Entries supplied:
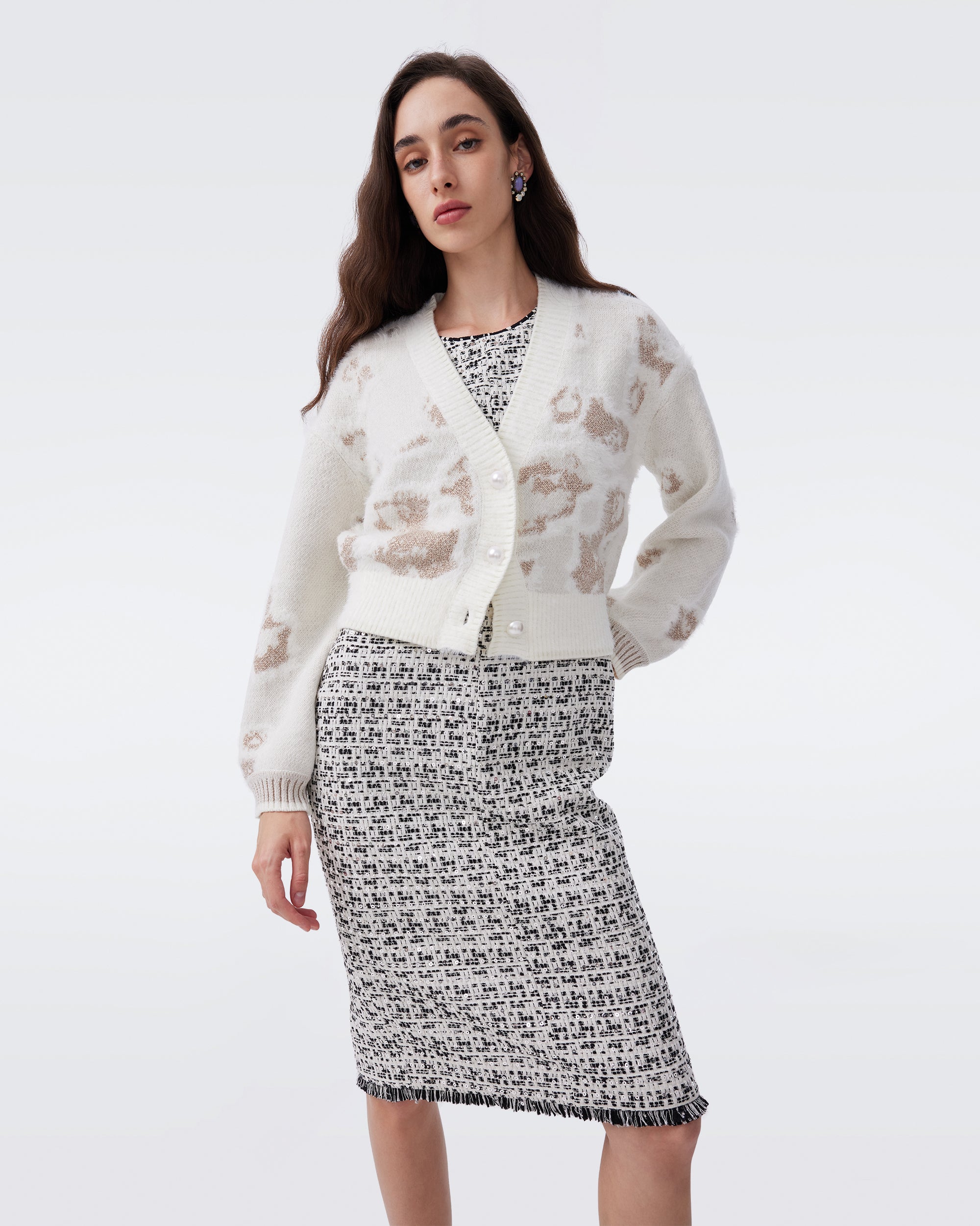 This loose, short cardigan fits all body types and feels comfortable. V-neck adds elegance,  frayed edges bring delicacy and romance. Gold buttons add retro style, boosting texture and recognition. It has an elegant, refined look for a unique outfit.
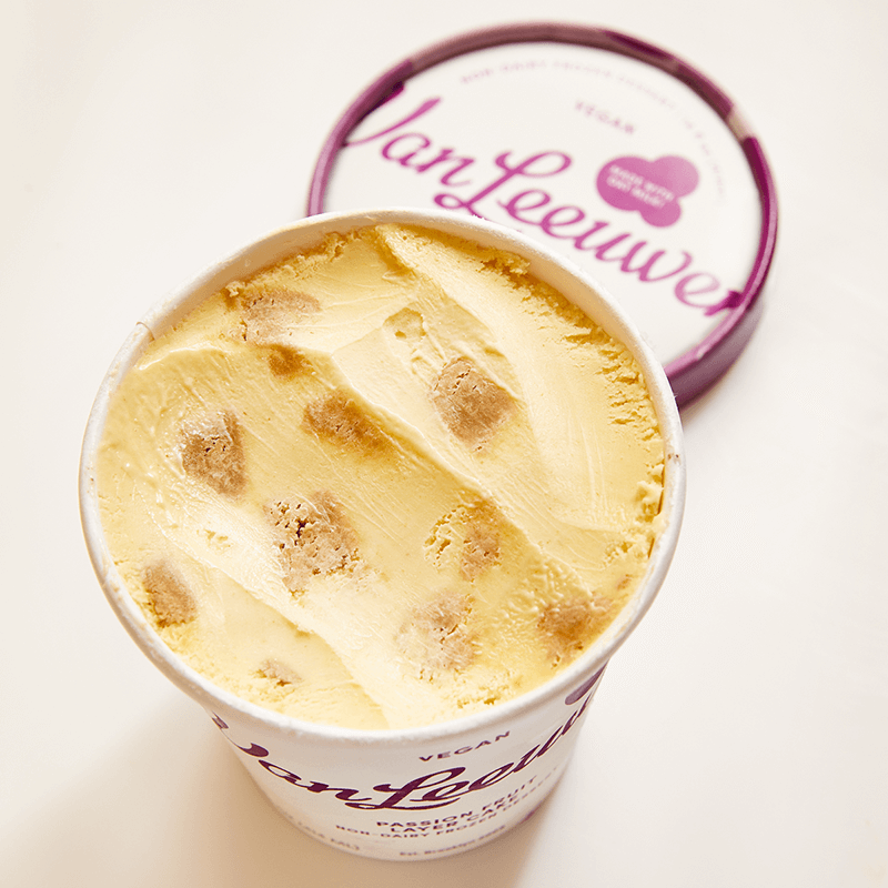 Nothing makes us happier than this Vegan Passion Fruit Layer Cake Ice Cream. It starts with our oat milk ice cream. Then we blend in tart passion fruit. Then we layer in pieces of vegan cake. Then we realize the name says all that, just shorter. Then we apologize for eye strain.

...

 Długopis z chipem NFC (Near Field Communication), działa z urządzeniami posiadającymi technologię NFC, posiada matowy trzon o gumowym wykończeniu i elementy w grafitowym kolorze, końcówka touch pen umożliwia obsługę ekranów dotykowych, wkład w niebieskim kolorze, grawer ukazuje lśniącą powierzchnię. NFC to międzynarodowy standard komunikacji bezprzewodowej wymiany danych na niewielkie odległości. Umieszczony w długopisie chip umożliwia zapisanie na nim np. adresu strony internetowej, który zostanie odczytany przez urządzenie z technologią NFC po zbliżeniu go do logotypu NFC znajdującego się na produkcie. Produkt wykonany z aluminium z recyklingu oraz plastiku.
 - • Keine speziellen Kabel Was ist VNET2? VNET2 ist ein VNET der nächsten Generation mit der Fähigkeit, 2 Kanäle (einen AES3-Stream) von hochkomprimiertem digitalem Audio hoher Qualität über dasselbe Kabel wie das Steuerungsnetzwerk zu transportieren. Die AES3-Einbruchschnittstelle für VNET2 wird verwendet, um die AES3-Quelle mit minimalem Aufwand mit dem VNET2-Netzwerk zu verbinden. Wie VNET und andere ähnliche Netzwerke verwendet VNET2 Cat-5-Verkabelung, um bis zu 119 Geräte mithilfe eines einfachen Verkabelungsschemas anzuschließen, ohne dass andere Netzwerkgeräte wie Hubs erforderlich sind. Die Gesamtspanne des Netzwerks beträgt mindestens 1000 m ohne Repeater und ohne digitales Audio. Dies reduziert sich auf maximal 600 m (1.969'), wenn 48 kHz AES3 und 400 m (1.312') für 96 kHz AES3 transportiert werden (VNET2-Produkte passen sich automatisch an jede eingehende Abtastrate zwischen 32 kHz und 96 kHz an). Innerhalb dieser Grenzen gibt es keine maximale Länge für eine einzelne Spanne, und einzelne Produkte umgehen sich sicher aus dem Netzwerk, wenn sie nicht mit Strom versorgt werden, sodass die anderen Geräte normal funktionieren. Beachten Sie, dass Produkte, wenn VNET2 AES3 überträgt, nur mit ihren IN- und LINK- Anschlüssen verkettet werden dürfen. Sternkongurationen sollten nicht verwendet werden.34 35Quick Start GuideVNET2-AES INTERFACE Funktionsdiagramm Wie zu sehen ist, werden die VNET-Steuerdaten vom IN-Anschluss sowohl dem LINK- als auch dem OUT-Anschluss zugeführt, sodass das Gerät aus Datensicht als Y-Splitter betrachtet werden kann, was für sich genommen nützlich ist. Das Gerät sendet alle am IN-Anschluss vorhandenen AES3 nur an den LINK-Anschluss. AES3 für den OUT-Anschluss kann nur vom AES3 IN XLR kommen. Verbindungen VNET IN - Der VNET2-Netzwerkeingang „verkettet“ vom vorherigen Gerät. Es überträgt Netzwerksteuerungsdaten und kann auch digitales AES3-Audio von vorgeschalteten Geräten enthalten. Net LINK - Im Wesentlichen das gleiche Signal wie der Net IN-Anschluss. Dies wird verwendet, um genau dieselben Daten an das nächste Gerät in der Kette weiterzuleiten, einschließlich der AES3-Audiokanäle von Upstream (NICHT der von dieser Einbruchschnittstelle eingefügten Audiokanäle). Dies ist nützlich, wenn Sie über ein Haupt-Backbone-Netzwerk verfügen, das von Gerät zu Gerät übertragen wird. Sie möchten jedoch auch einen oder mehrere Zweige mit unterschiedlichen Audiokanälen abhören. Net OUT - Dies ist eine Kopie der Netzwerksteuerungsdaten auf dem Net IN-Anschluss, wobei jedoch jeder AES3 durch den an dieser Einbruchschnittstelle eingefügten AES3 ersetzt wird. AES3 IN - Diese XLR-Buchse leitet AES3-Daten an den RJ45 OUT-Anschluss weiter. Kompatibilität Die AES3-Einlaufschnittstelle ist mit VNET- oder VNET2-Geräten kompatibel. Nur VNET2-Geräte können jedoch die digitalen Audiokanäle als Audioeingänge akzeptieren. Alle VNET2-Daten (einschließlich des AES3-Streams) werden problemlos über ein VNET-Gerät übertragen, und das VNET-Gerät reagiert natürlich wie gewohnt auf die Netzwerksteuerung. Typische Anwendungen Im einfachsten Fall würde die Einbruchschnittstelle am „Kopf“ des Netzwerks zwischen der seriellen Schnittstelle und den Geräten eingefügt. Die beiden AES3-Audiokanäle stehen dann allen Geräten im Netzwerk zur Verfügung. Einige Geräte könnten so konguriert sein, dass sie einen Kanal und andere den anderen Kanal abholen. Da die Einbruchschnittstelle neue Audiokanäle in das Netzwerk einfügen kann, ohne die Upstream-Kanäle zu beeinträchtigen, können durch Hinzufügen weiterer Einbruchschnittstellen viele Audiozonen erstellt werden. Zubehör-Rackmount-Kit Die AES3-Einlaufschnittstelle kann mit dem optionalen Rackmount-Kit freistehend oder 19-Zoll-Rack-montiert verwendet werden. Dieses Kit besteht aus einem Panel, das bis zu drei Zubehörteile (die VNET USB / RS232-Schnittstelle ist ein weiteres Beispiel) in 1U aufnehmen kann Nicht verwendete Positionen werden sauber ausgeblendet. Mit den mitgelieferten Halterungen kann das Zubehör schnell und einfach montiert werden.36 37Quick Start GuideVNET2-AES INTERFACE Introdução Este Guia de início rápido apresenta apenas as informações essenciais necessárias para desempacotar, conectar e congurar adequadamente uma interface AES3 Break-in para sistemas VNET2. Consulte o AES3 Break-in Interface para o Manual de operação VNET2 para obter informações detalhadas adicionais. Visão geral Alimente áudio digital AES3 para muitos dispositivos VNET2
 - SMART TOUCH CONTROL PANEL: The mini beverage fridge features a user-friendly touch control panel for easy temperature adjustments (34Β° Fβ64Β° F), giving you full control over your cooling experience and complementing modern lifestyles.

==

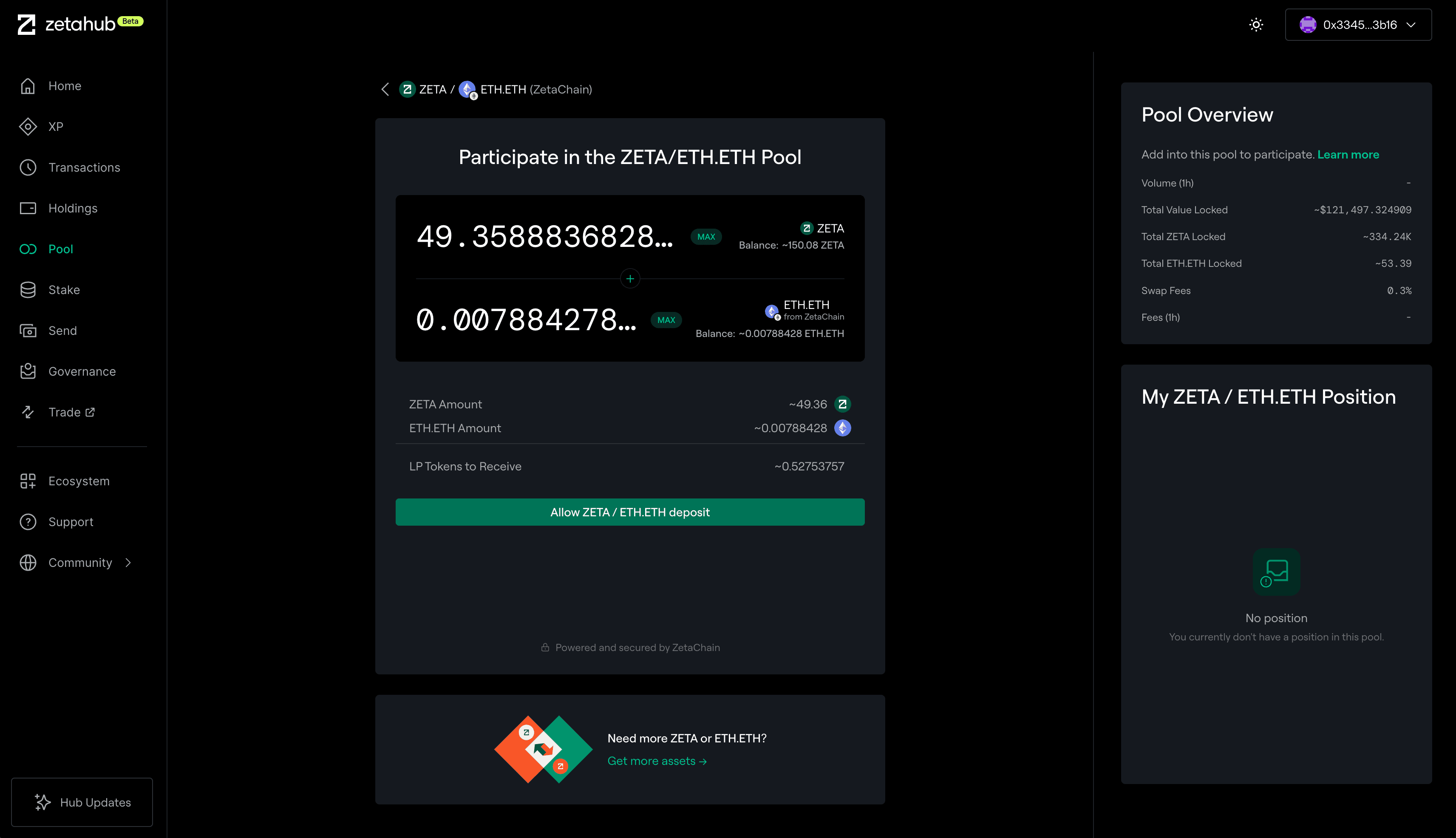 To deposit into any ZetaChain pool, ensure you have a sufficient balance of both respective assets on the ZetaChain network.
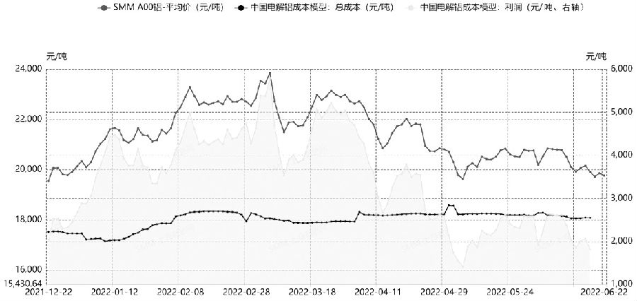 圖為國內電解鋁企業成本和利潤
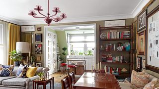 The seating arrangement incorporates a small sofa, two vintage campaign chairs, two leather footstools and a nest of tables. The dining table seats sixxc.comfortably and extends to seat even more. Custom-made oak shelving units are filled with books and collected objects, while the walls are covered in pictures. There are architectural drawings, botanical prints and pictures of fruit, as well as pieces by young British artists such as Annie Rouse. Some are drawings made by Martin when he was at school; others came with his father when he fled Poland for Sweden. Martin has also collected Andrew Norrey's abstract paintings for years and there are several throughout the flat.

Your task: Identify the lines of the entries containing the string "touch". Copy each such line.

Answer to the exercise:
 Długopis z chipem NFC (Near Field Communication), działa z urządzeniami posiadającymi technologię NFC, posiada matowy trzon o gumowym wykończeniu i elementy w grafitowym kolorze, końcówka touch pen umożliwia obsługę ekranów dotykowych, wkład w niebieskim kolorze, grawer ukazuje lśniącą powierzchnię. NFC to międzynarodowy standard komunikacji bezprzewodowej wymiany danych na niewielkie odległości. Umieszczony w długopisie chip umożliwia zapisanie na nim np. adresu strony internetowej, który zostanie odczytany przez urządzenie z technologią NFC po zbliżeniu go do logotypu NFC znajdującego się na produkcie. Produkt wykonany z aluminium z recyklingu oraz plastiku.
 - SMART TOUCH CONTROL PANEL: The mini beverage fridge features a user-friendly touch control panel for easy temperature adjustments (34Β° Fβ64Β° F), giving you full control over your cooling experience and complementing modern lifestyles.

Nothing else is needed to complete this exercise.